TASK STATEMENT: Lower down are entries containing pictures. Copy exactly, without those pictures, the lines from the line with "利用者アンケートでも98%が" through the line with "INN PARK(バイシクルインパーク)」が開催される。国内最大規模のロードレース「Tour of".

SOURCE DATA:
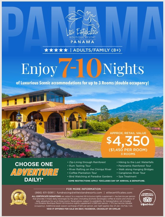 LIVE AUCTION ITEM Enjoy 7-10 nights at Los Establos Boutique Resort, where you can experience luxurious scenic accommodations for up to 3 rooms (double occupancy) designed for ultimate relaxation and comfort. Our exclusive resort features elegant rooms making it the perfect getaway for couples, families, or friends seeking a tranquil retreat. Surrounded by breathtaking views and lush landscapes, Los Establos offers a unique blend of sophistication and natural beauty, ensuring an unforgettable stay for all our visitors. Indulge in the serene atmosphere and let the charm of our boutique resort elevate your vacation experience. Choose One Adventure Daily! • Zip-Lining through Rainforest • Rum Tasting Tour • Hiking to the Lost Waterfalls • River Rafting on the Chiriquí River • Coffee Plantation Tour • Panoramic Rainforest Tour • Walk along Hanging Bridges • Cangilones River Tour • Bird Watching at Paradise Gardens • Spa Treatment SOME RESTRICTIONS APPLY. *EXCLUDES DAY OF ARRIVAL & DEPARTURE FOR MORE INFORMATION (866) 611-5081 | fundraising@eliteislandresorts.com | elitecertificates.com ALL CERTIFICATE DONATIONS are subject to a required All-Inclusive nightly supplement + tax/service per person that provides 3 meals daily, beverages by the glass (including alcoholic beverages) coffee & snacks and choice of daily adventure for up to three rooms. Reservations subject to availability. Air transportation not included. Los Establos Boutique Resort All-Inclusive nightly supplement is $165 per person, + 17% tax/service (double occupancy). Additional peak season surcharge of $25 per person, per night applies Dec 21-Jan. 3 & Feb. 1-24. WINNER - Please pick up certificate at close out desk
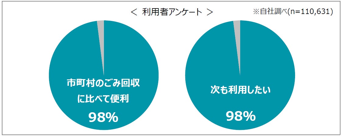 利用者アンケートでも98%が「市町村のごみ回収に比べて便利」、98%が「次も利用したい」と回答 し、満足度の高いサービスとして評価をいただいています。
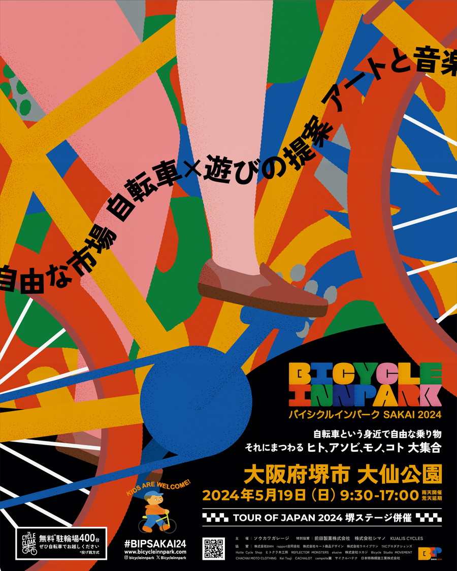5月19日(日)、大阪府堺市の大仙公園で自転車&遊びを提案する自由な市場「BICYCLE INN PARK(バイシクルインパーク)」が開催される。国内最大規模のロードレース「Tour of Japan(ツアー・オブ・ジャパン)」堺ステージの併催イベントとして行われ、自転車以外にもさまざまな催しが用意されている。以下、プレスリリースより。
...
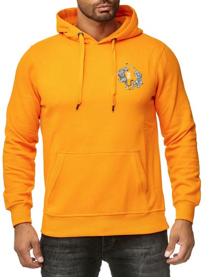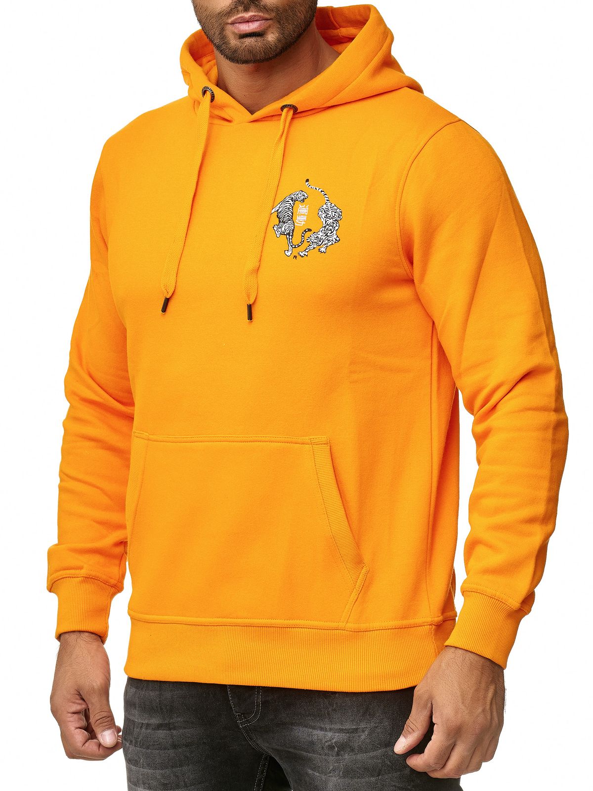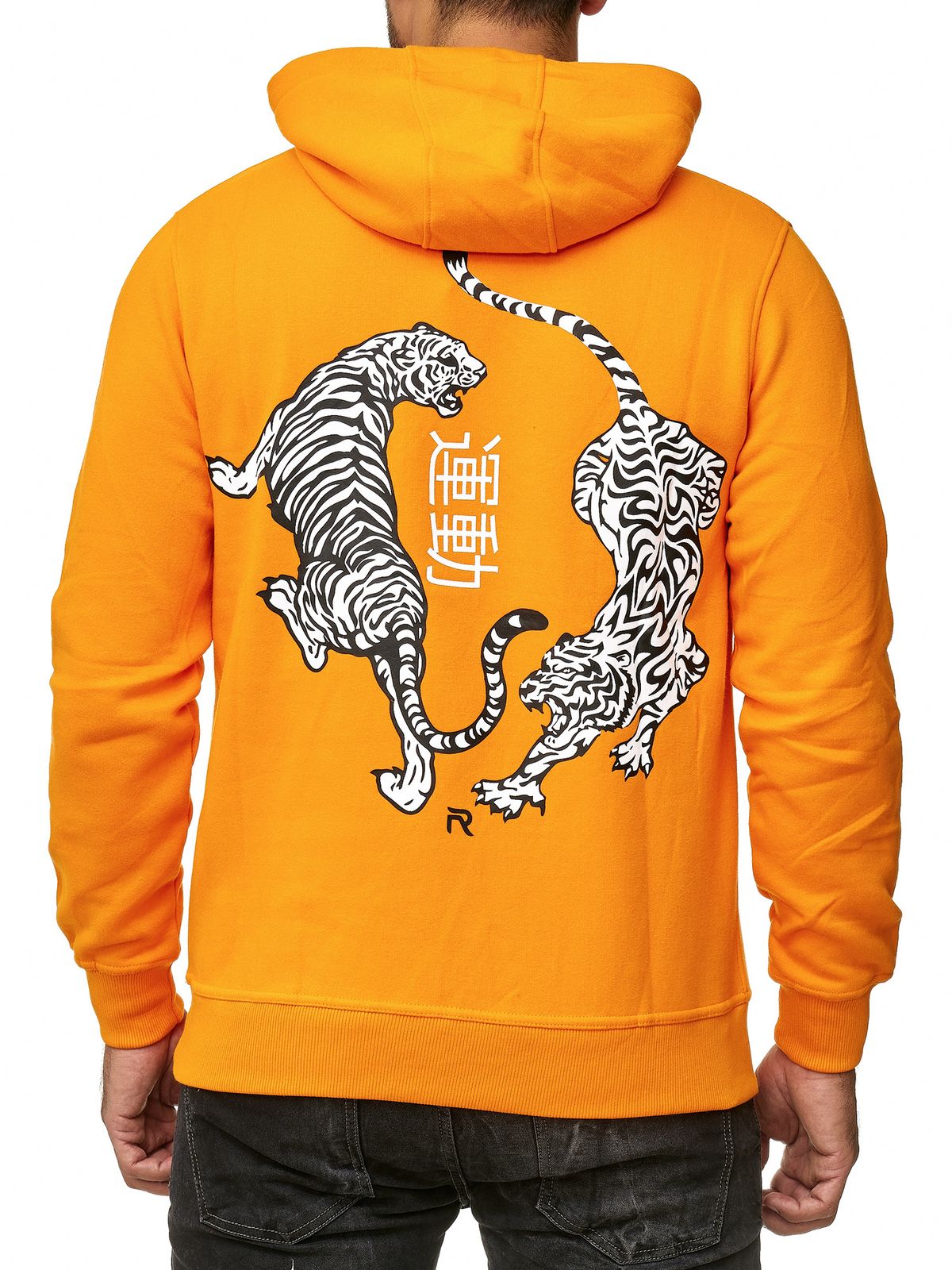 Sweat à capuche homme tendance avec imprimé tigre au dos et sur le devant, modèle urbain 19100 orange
--
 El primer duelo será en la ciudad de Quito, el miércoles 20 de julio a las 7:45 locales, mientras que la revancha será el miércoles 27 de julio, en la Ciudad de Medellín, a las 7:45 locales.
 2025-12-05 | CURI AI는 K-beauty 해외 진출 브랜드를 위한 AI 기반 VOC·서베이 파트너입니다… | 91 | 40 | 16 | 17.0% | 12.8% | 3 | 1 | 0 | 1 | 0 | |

RESULT OF THIS EXERCISE:
 利用者アンケートでも98%が「市町村のごみ回収に比べて便利」、98%が「次も利用したい」と回答 し、満足度の高いサービスとして評価をいただいています。
5月19日(日)、大阪府堺市の大仙公園で自転車&遊びを提案する自由な市場「BICYCLE INN PARK(バイシクルインパーク)」が開催される。国内最大規模のロードレース「Tour of Japan(ツアー・オブ・ジャパン)」堺ステージの併催イベントとして行われ、自転車以外にもさまざまな催しが用意されている。以下、プレスリリースより。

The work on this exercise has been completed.